WORK TASK - Write out again, word for word, the lines below from the line that holds "on the conversation." through the line that holds "user clicks on", omitting pictures.

RECORDS FOR THIS TASK -

= = = = =

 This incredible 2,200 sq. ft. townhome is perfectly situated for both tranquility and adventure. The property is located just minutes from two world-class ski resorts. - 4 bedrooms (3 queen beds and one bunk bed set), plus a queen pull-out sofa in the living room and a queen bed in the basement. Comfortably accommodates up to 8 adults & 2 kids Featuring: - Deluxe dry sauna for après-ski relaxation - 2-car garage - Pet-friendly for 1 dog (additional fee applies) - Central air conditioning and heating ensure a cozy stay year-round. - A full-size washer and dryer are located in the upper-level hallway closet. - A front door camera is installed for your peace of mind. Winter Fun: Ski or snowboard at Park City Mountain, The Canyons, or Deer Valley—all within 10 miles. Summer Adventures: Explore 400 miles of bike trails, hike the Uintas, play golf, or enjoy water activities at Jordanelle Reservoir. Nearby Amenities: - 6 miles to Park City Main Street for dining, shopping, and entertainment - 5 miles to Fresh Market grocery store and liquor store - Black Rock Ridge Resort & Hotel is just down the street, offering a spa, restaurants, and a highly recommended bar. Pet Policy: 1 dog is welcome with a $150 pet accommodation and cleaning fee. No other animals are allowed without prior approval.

= = = = =

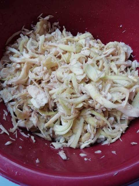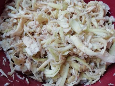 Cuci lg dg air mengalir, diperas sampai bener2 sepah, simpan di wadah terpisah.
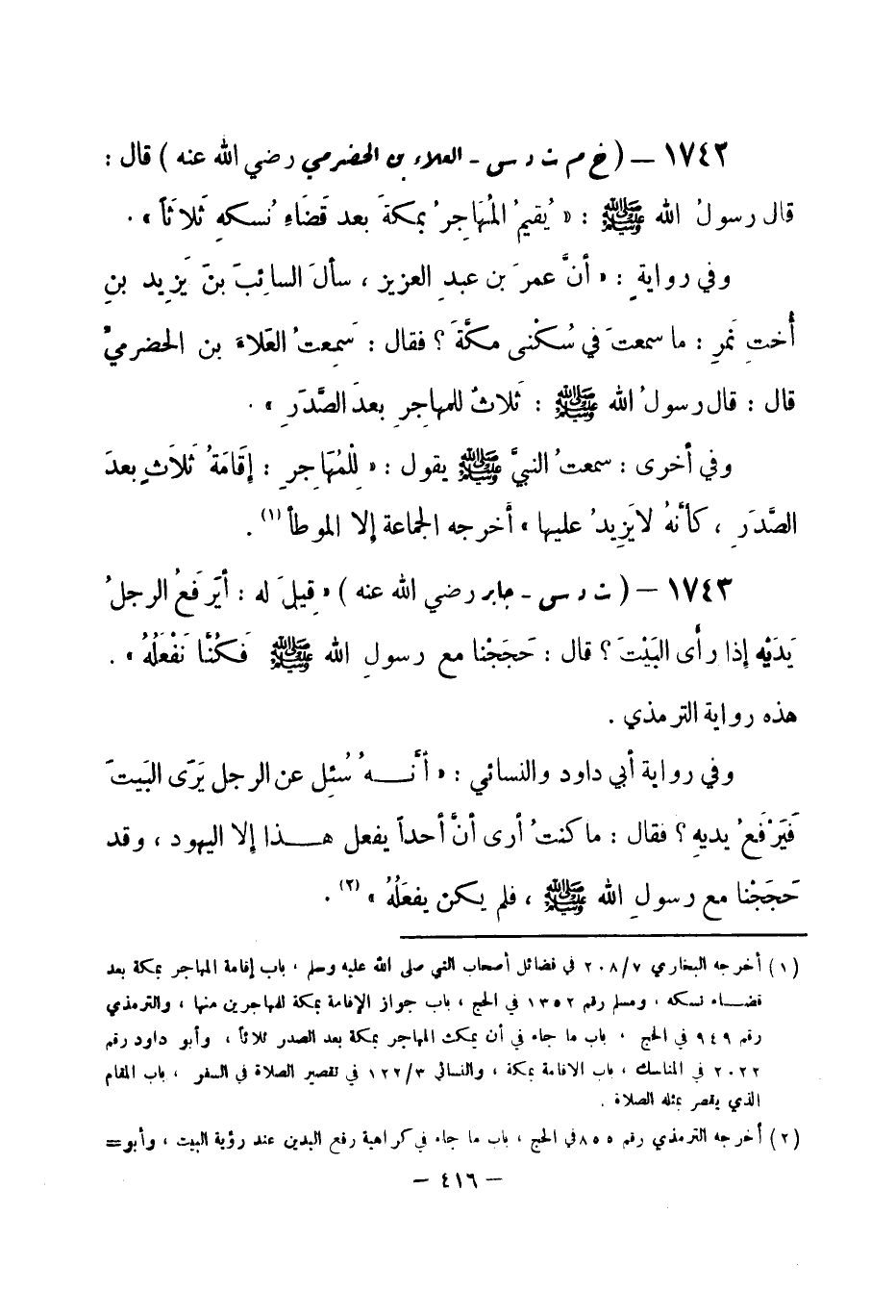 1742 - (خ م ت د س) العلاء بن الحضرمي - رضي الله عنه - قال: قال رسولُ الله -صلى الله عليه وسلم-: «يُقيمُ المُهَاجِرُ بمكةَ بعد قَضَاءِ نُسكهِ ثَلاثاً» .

= = = = =

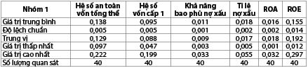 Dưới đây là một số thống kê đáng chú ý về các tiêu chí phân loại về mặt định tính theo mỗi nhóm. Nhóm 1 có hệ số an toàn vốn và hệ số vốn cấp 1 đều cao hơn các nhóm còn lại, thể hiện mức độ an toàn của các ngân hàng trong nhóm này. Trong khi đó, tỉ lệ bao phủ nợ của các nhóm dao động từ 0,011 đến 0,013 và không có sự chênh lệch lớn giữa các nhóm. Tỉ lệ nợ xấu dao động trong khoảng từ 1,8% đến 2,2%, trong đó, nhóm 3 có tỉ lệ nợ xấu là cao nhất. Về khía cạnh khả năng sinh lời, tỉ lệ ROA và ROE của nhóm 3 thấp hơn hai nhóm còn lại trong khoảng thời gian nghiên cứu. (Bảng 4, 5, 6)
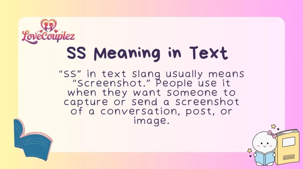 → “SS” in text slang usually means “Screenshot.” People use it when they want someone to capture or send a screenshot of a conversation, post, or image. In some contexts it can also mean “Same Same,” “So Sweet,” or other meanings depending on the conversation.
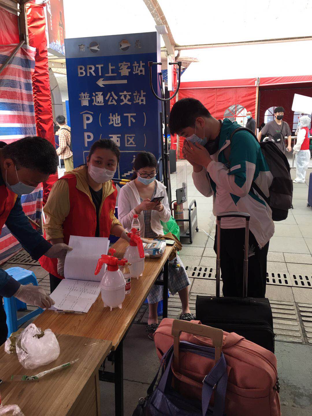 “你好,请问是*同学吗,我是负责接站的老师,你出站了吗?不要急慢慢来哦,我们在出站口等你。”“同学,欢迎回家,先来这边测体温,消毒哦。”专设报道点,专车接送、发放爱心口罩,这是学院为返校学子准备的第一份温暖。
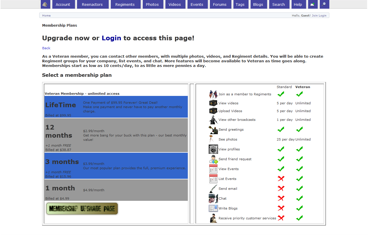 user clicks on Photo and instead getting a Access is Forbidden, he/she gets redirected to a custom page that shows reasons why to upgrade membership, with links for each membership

= = = = =

SOLUTION TO THIS TASK -
 → “SS” in text slang usually means “Screenshot.” People use it when they want someone to capture or send a screenshot of a conversation, post, or image. In some contexts it can also mean “Same Same,” “So Sweet,” or other meanings depending on the conversation.
 “你好,请问是*同学吗,我是负责接站的老师,你出站了吗?不要急慢慢来哦,我们在出站口等你。”“同学,欢迎回家,先来这边测体温,消毒哦。”专设报道点,专车接送、发放爱心口罩,这是学院为返校学子准备的第一份温暖。
 user clicks on Photo and instead getting a Access is Forbidden, he/she gets redirected to a custom page that shows reasons why to upgrade membership, with links for each membership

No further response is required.